## [PROVIDED DATA]
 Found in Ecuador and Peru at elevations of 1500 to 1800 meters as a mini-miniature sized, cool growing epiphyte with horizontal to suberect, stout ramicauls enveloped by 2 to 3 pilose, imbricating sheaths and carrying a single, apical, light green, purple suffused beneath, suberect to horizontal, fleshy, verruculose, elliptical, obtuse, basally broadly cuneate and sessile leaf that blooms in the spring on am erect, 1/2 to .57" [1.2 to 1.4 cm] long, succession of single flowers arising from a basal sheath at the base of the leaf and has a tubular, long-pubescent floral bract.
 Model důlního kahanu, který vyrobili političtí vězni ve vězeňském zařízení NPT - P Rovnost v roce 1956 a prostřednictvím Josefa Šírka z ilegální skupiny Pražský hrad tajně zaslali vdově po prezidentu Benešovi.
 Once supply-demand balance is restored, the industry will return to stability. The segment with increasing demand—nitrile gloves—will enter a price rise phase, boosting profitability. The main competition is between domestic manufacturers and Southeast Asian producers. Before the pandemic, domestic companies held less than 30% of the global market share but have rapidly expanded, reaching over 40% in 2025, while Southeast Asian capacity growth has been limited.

---

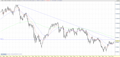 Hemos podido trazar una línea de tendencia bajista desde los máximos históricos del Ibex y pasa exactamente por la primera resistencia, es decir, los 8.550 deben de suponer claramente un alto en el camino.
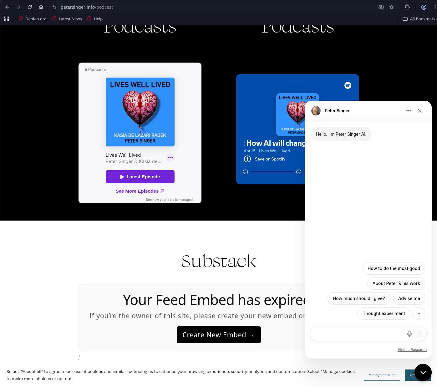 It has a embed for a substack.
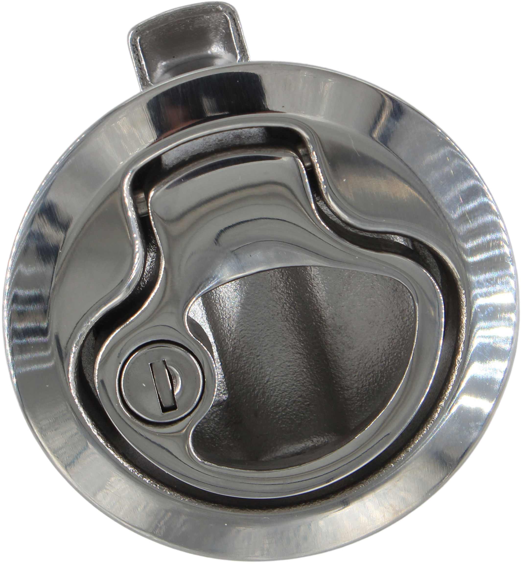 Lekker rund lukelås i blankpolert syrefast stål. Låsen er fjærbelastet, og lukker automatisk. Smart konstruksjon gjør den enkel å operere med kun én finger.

## [ASSIGNMENT]
Scan the material above for lines holding "with" and copy each of them.

## [ANSWER TO THE PROBLEM]
 Found in Ecuador and Peru at elevations of 1500 to 1800 meters as a mini-miniature sized, cool growing epiphyte with horizontal to suberect, stout ramicauls enveloped by 2 to 3 pilose, imbricating sheaths and carrying a single, apical, light green, purple suffused beneath, suberect to horizontal, fleshy, verruculose, elliptical, obtuse, basally broadly cuneate and sessile leaf that blooms in the spring on am erect, 1/2 to .57" [1.2 to 1.4 cm] long, succession of single flowers arising from a basal sheath at the base of the leaf and has a tubular, long-pubescent floral bract.
 Once supply-demand balance is restored, the industry will return to stability. The segment with increasing demand—nitrile gloves—will enter a price rise phase, boosting profitability. The main competition is between domestic manufacturers and Southeast Asian producers. Before the pandemic, domestic companies held less than 30% of the global market share but have rapidly expanded, reaching over 40% in 2025, while Southeast Asian capacity growth has been limited.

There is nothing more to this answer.